As for composting systems, you can invest in an expensive commercial compost bin, and if you want to do this, more power to you. Just make sure you read as many user ratings as possible before spending money so you have an idea of what to expect. Of course, you do not have to buy an expensive commercial bin to compost. There are plenty of plans for bins, ranging from a simple cylinder made of chicken wire to more complex wooden systems. You can also use concrete blocks to build bins. The Wisconsin DNR has a nice site with composting resources, including info on types of home composting bins.
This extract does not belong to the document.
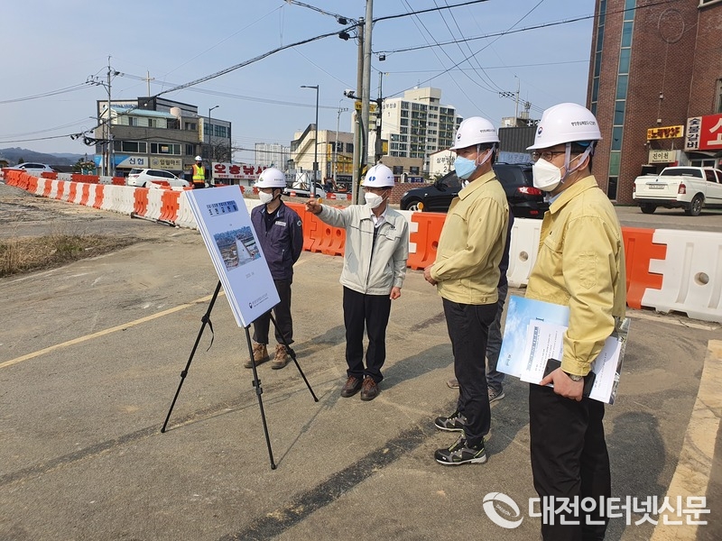 박무익 행복청 차장이 이날 ‘오송~조치원 연결도로’ 건설현장을 점검하고 현장 직원들을 격려했다. (사진-행복청)

Check it out. 
 
My passive bin is made from scrap wood and chicken wire, which allows for decent air flow around the pile. Wooden slats in the front slide up and out when the time comes to remove the compost. The two sides allow me to focus on adding waste to one side at a time; when the first side is ready, I remove any unfinished materials and place them in the other side, then begin adding new waste to the second side.
 
 
 
 
 
If you are unable to compost yourself, you may be able to find a neighbor to help you. I use my large bin to help neighbors compost. I also feed neighbors' waste to the thousands of red wiggler worms that eat garbage in my basement. 
 
If you can't find a neighbor to help you compost, locate a community composting collective, like the Milwaukee Community Compost Network. Or, start a collective yourself. 
 
If you have a big composting bin and not enough waste to fill it, you might consider offering to compost for your neighbors. You can also try to compost for local restaurants and grocers. There are many possibilities for composting. By working together, every community can turn their garbage into gardens!